# Alte Leute produzieren avi Videos und suchen einen webpräsenzprovider



## Jessica Scheel (22. Februar 2017)

Hallo Ihr Lieben! Welcher Webpräsenzprovider bietet noch Webspace für mehrere von uns erstellte Websites: Erstellt mit Microsoft Frontpage 2003, (einer unserer Meinung nach der besten HTML Editoren). Wir arbeiten in der Tat von Anfang an (2003) mit dieser Software. Und wir hatten bisher auch einen Provider für unsere Seiten. Doch der teilte uns nun mit: zum Ende des Jahres könnte er keine Frontpagewebsits mehr verarbeiten. Sodass ich/wir nun keinen Server mehr zur Verfügung haben, mit dem wir unsere Produktionen hochladen können. Es ist uns, und dem Teams "dreamvideo" (und das ist eine Gruppe Alter Menschen, alle weit über 60 Jahre, die gemeinsam für jeder-man, auch für Werbung und Werbepartner Videomontagen, mit allen Lizenzen und eigener,selbsterstellter und teilweise sogar selbst komponiert Musik und von Teilnehmern des Teams dreamvideo digital eingespielter eigener Musik. 

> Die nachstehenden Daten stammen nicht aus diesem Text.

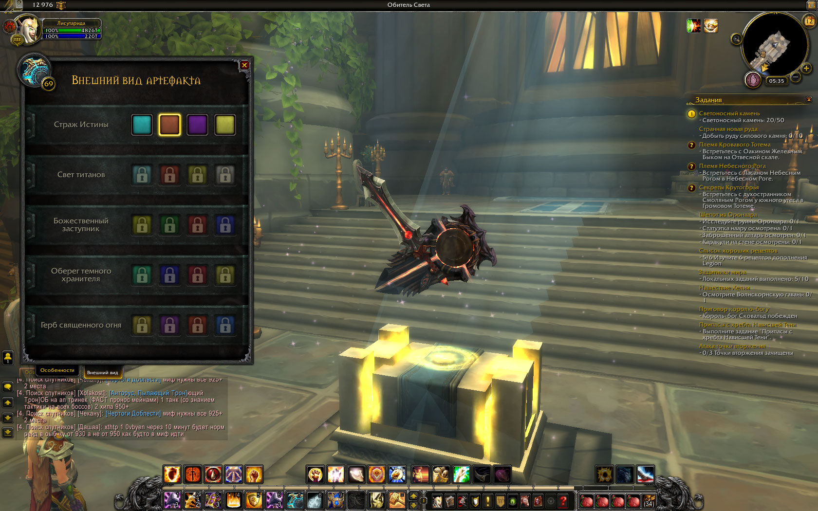 | Description | Убивала демонов в Крокууне, получила с добычи предмет, открывающий тайный облик артефакта, изучила его и получила за это достижение. Но в оплоте класса нового облика нет. | ||||
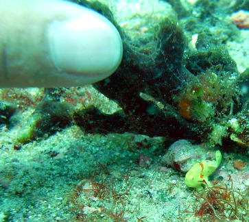 | 見てください、この小さなカエルアンコウの赤ちゃん!! 指の爪と比べても めちゃめちゃ小さいのが良く分かります(o^_^o) 発見者のMさんのお手柄なのでした〜♪ |
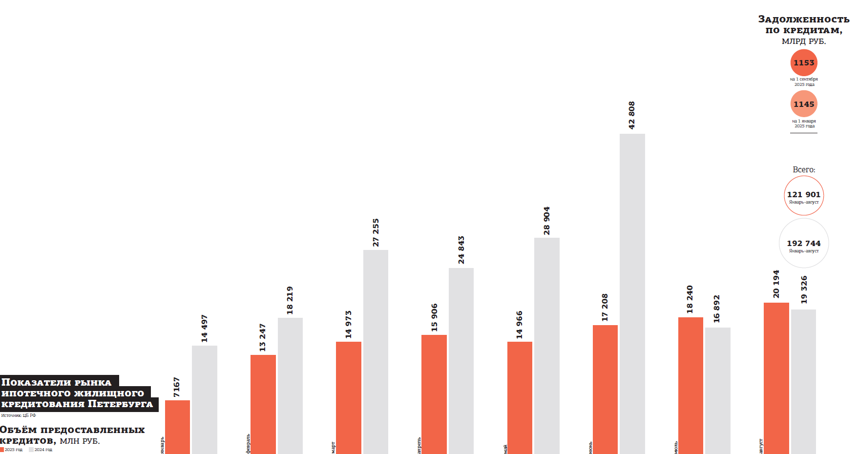 Рынок ипотеки плохо реагирует на текущие высокие ставки. По данным ЦБ РФ, в январе–августе 2025 года в Петербурге было выдано 21,75 тыс. ипотечных кредитов, что на 45% меньше, чем в том же периоде 2024 года. Объём выдач составил 121,9 млрд рублей, снизившись на 37%. Задолженность по ипотеке жителей города на начало сентября составила 1,15 трлн рублей, увеличившись на 0,7% с начала года.
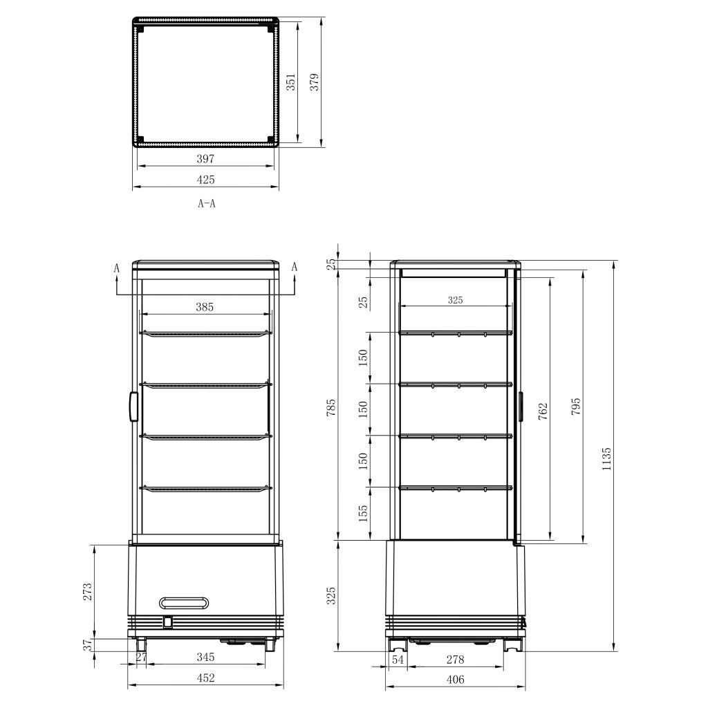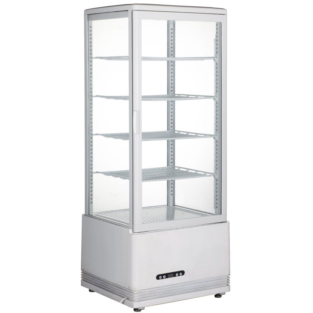 • Prosklené ze 4 stran• Dvojitá skla• Odolné ocelové police potažené PVC• Maximální zatížení police 10 kg• Povrch polic 358x310 mm• Vzduchová potrubí na vnější straně zařízení pro odstranění a zabránění hromadění vodní páry• Elektronický termostat a digitální displej• Bezúdržbový kondenzátor• LED vnitřní osvětlení• Nastavitelné nohy• Klimatická třída 4• Chladivo R600aDoplňkové parametry
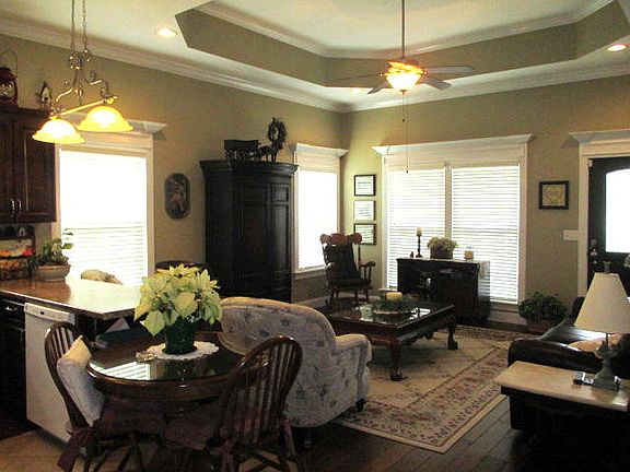 Home has beautiful hardwood floors and tile in kitchen and baths. Extra crown molding up above the living room windows, box trey ceilings and master bedroom. Lovely colors thruout home with one owner who has taken excellant care. Appliances are less than 2 years old, upgraded from the original appliances, stove is reserved but seller will replace for buyer. Security lighting, underground sprinkling, and other upgrades make this a very lovely home. The sunroom can be used for office or nursery. Retractable awning added to back deck for your enjoyment. Added trees to front yard for shade and beauty. Come see soon!
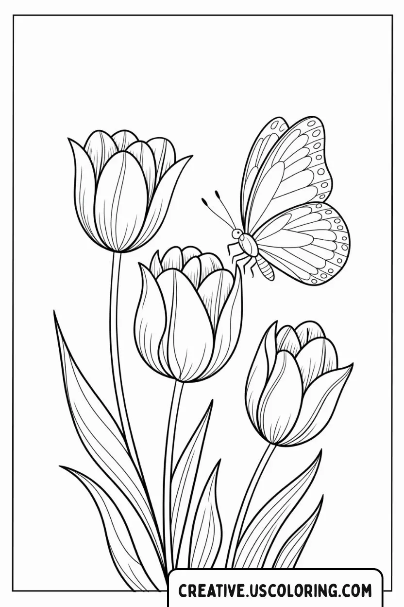 | Title | Tulips-and-Butterfly-Spring-Flower-Coloring-Page |
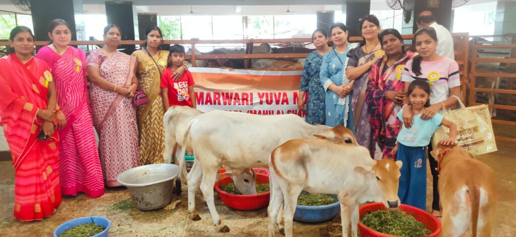 मारवाड़ी युवा मंच पर्ल महिला शाखा सिकंदराबाद द्वारा गौशाला में गायों को चारा खिलाकर गौ सेवा की गई।
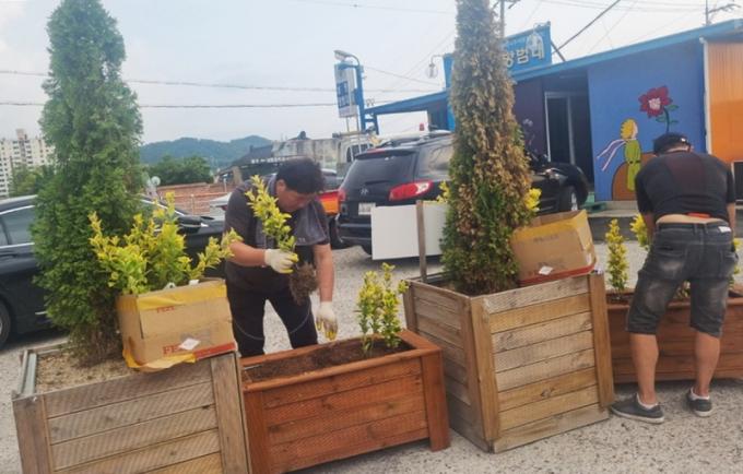 »ç¾÷ 2³âÂ÷¸¦ ¸ÂÀº ³²Æò¸¶À» ÁֹεéÀº ²É¹ç¡¤½°ÅÍ Á¶¼º, ¸¶À» ¹®ÆÐ Á¦ÀÛ µî ¾Æ¸§´ä°í Á¤ÀÌ ³ÑÄ¡´Â ¸¶À» °ø°£À» ¿¬ÃâÇÒ °èȹÀÌ´Ù. ½Å±Ô »ç¾÷ ´ë»óÁö·Î ¼±Á¤µÈ Â÷»ê¸¶À»Àº ÃÖ±Ù ÁֹΠ30¿©¸íÀÌ Âü¿©ÇØ º¸¶ùºû Â÷»ê ¸¶À» Ư»ö¿¡ ¸Â´Â ¡®º¸¶ùºû ¹®ÆÐ¡¯¸¦ Á¦ÀÛÇØ ´«±æÀ» ²ø¾ú´Ù. ÀÌ¿Ü ¸¶À»µéµµ À̹ø ´Þ ³»·Î ¸¶À»º° °³¼ºÀ» »ì¸° ²É¹ç ½°ÅÍ, ¹®ÆÐ, ¿ìüÅë ¸¸µé±â µîÀ» ¸¶¹«¸®ÇÒ °èȹÀÌ´Ù.
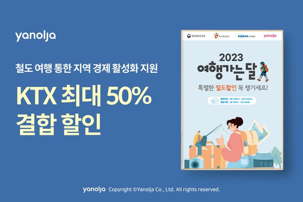 야놀자는 한국철도공사와 함께 여행을 통한 일상 및 지역경제 회복에 기여하고자 문화체육관광부와 한국관광공사가 주최하는 ‘2023 여행가는 달’ 캠페인에 동참한다. 6월까지 KTX와 국내 숙소를 함께 구매 시 최대 50% 결합 할인 혜택을 선보인다. 6월 1일(목)부터 7월 16일(일)까지 탑승하는 승차권을 대상으로 한다.
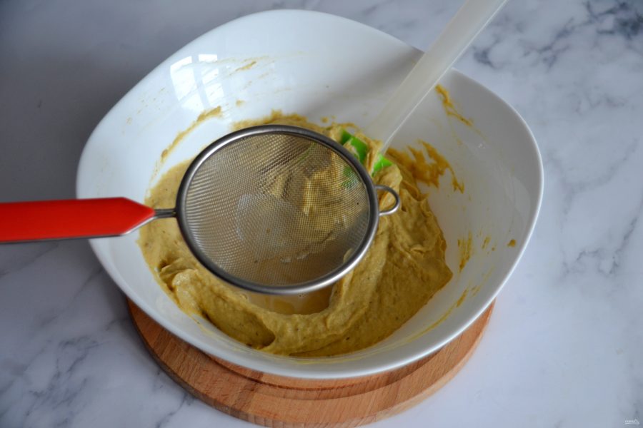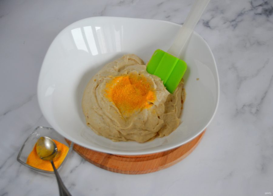Добавьте в сливочно-банановую массу ванильный сахар. В рецепте использован желтый ванильный сахар с экстрактом сафлора, можно использовать любой ванильный сахар. При желании можно добавить небольшое количество куркумы для получения более яркого цвета.
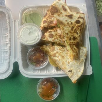 quesadillas with flour tortilla, shredded cheese, protein of your choice, grilled vegetables, sour cream, chips and pico de gallo on the side
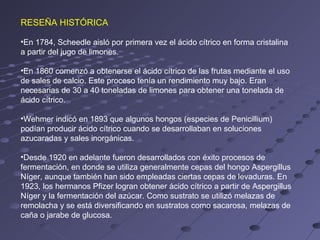 El documento resume la historia y proceso de obtención de ácido cítrico. Originalmente se extraía de cítricos como limones, pero ahora se produce principalmente por fermentación usando Aspergillus niger y melaza de caña de azúcar como materia prima. El proceso incluye fermentación, purificación con cal y ácido sulfúrico, cristalización, secado y empaque. El ácido cítrico se usa ampliamente en alimentos, bebidas y otros productos.
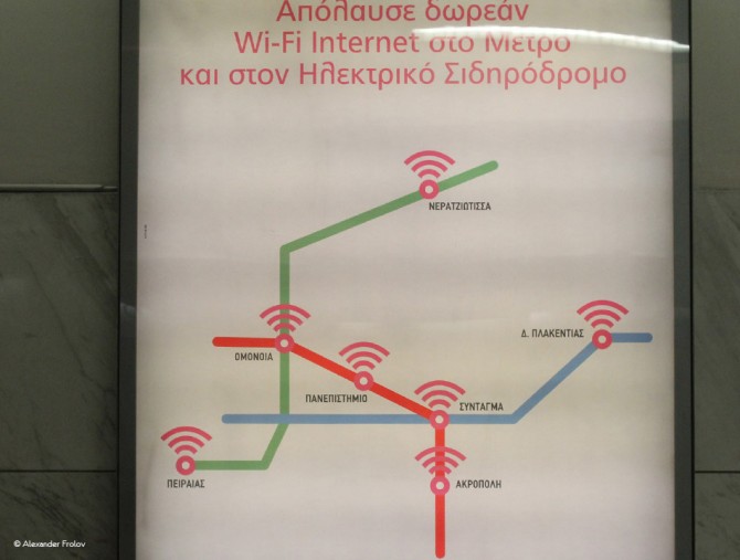 Бесплатный WI-FI доступен на многих станциях метро: Синдагма, Панапестимио, Акрополи, Омония, Пиреус и Дукиссис Плакентиас. А с июля WI-FI будет доступен вообще на всех линиях афинского метро а также в трамвае.
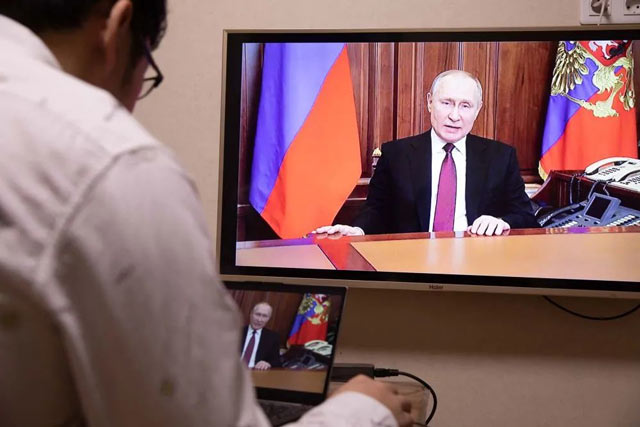 ▲2月24日,俄罗斯首都莫斯科,记者观看普京发表讲话的电视画面。普京在讲话中宣布在顿巴斯地区发起特别军事行动。图/新华社
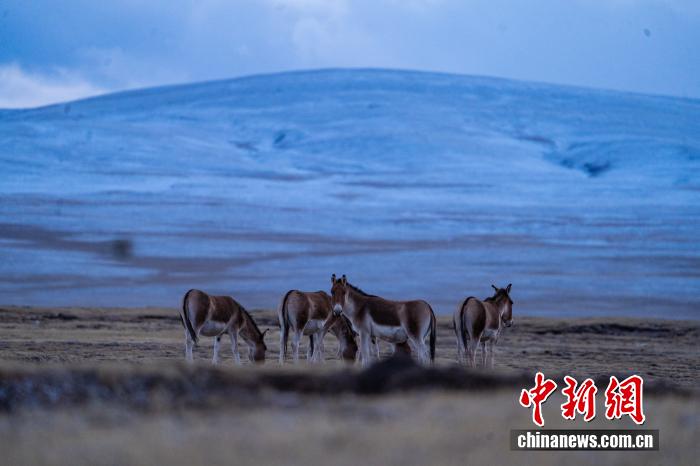 2024年10月23日,中國國家一級(jí)保護(hù)動(dòng)物藏野驢在西藏自治區(qū)那曲市安多縣多瑪鄉(xiāng)境內(nèi)的草原上覓食、嬉戲。中新社記者 貢嘎來松 攝
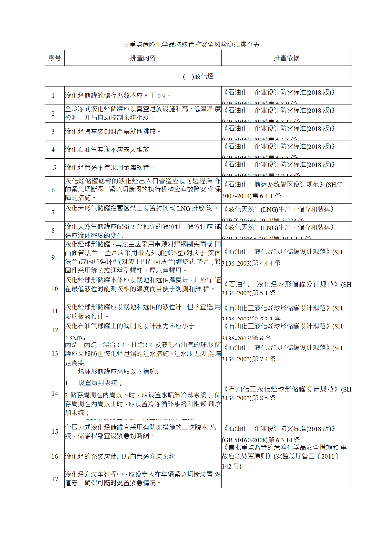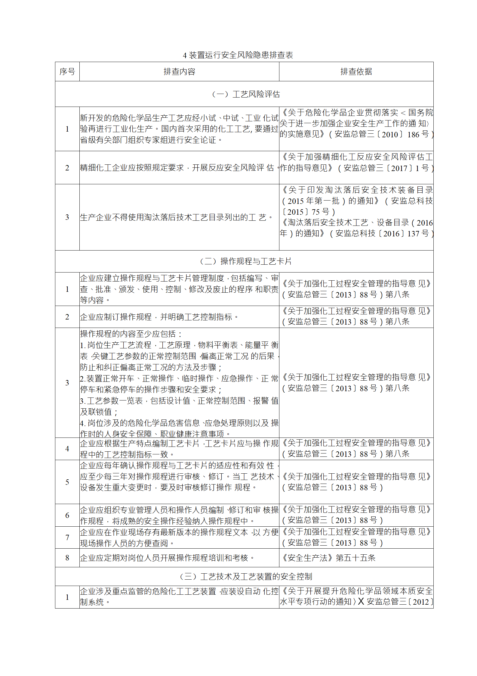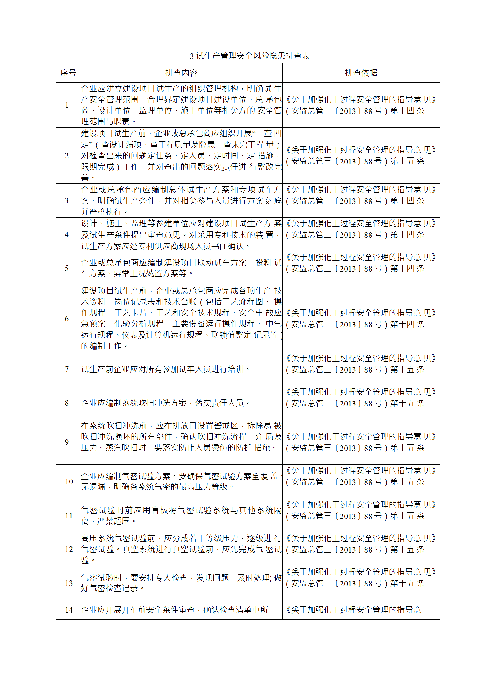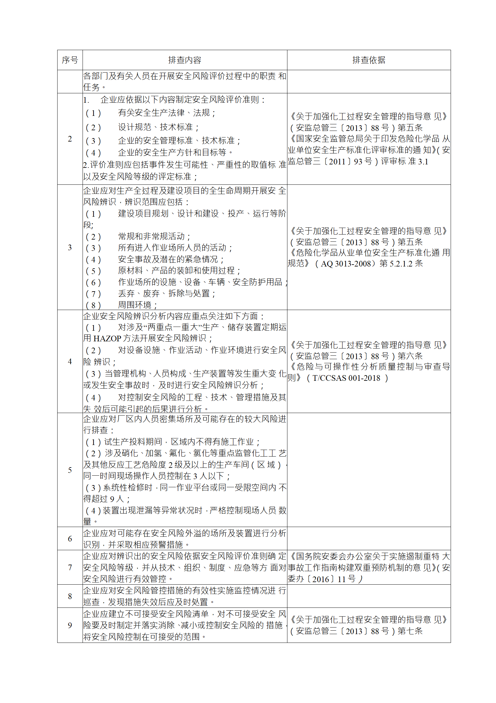 企業(yè)應(yīng)結(jié)合自身安全風(fēng)險(xiǎn)及管控水平,按照化工過程安全 管理的要求,參照各專業(yè)安全風(fēng)險(xiǎn)隱患排查表(見附件),編制 符合自身實(shí)際的安全風(fēng)險(xiǎn)隱患排查表,開展安全風(fēng)險(xiǎn)隱患排查 工作。
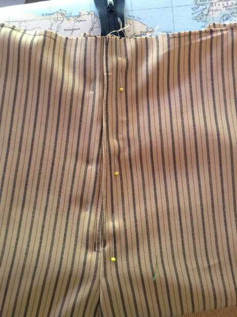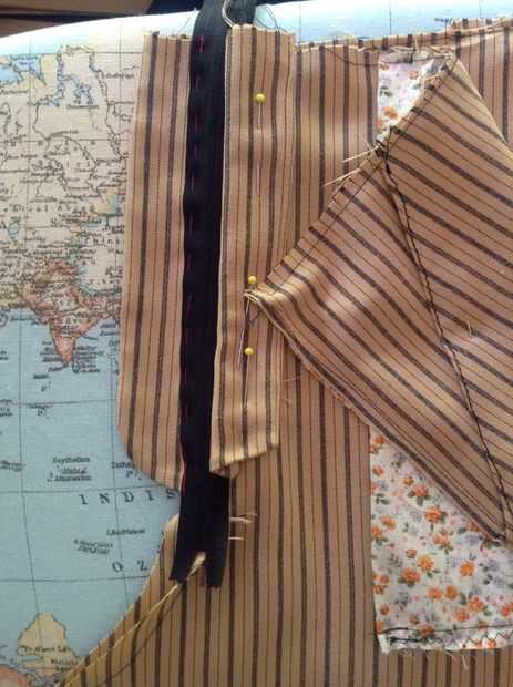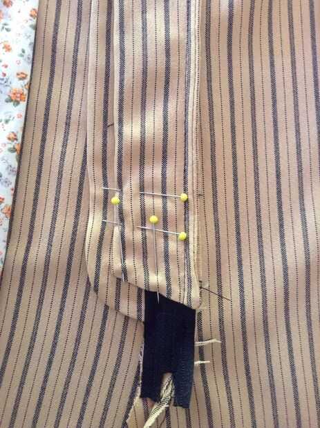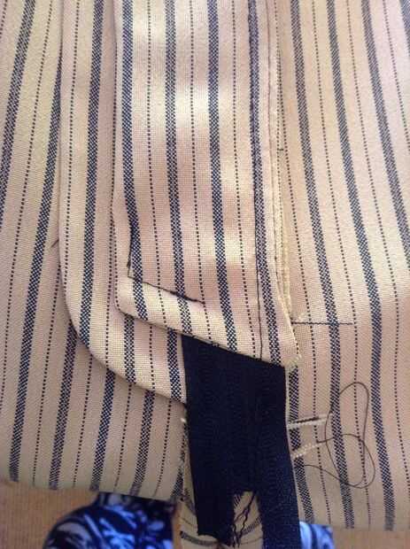 Prender con alfileres la cremallera en el lado izquierdo de la mosca. Gire al revés y perno solo el zip y volar izquierda frente juntos. Virar hacia abajo antes de coser. (Foto 2)
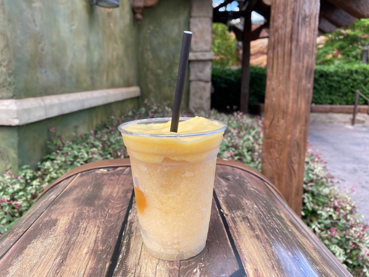 Here’s our honest take: LeFou’s Brew can go head to head with any frozen drink on Disney property, including the Dole Whip. It’s on the Mount Rushmore of non-alcoholic drinks Disney has ever created. That’s not a mild endorsement — that’s a ranking we’d defend in front of anyone. The combination of the apple base, the marshmallow sweetness, and that tart passion fruit-mango foam on top works in a way that shouldn’t make sense on paper but absolutely does in practice.
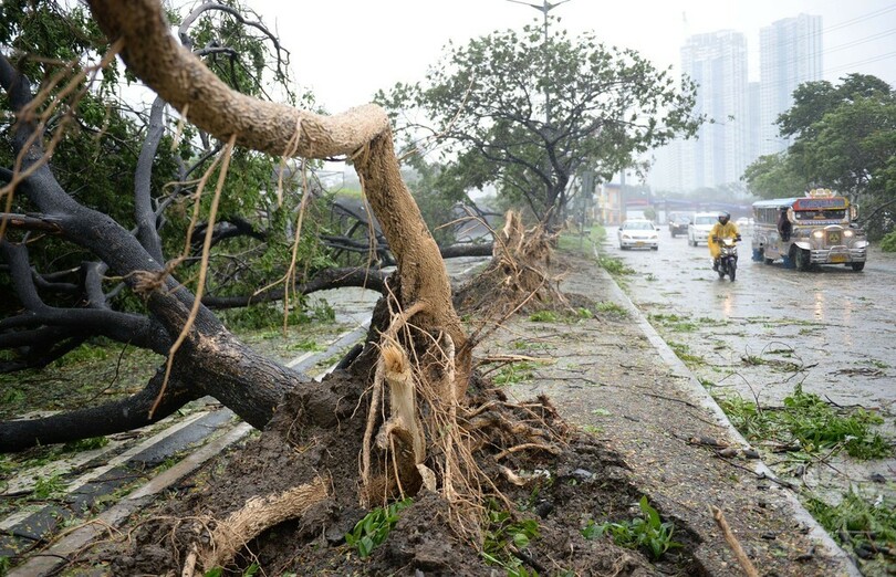 台風9号の中心は15日夜、東部ビコル(Bicol)地方のアルバイ(Albay)州レガスピ(Legazpi)を通過した。暴風雨によりマニラ首都圏の機能はほぼまひしている。金融街マカティ(Makati)を含め、各所では16日の夜明け直後から午前いっぱいまで停電した。マニラ湾(Manila Bay)に面したスラム街では、多くの簡易住居が倒壊した。

Wir suchen total verzweifelt einen Provider für Webpräsenzen hergestellt mit Frontpage 2003 Unsere Homesites mit und ohne Frontpageerweiterungen, aber unbedingt mit der Möglichkeit der Präsentation von HTML5 Videos!!!!!!!! Es eilt bereits sehr! Da der momentane Provider bereits damit begonnen hat, unsere Videoseiten zu beenden. Derzeit ist also nicht ein einziges unserer Videos funktionsfähig im www


----------



## sheel (22. Februar 2017)

Hi

Nehme an, es geht um die Frontpage Serverextensions (FPSE). Frontpage selber hat nämlich keine Anforderungen an den Server.

Die Frage ist, ob FPSE überhaupt benötigt wird. Was man damit machen konnte ist uA.
a) Die Seite auf den Server laden. Das kann auch über FTP bzw. SFTP passieren, FPSE ist dafür nicht nötig.
b) einige Webseitenfunktionen (Counter, Formulare, Navigation) ohne Programmieren möglich machen. Für den Teil könnte man die entsprechenden Teile nochmal "richtig" schreiben, damit es wieder funktioniert. ... Frontpage als Editor kann trotzdem weiter verwendet werden.

Kurz, mit ein paar Änderungen sollte alles kein Problem sein.

Jedenfalls, falls man doch FPSE weiter verwenden will: Das geht nicht mehr (lang).

Frontpage+FPSE2003 hatte bis 2014 Support (Respekt, MS). Seit 2014 hat Microsoft es aber nicht nur aufgegeben, sondern alle möglichen Downloadquellen entfernt und es anderen Anbietern anscheinend verboten, es noch weiterzuverteilen. Es gibt noch ein paar Anbieter, bei denen man FPSE-Seiten hosten kann, aber die werden ständig weniger.

Weitere Gründe, warum das FPSE nicht mehr "will": Die oben genannten Funktionen sind so gemacht, dass sie in modernen Browsern teilweise gar nicht mehr richtig angezeigt werden. Und da FPSE mit anderen Programmen am Server zusammenarbeiten muss ist man dort praktisch auch an sehr alte Programme gebunden und hat viele neue Funktionen damit nicht (dafür aber Sicherheitsprobleme).

Übrigens, wenn euer Hoster die Seiten einfach so offline nimmt (obwohl gezahlt wurde usw.) würd ich mir schnell einen anderen suchen.


----------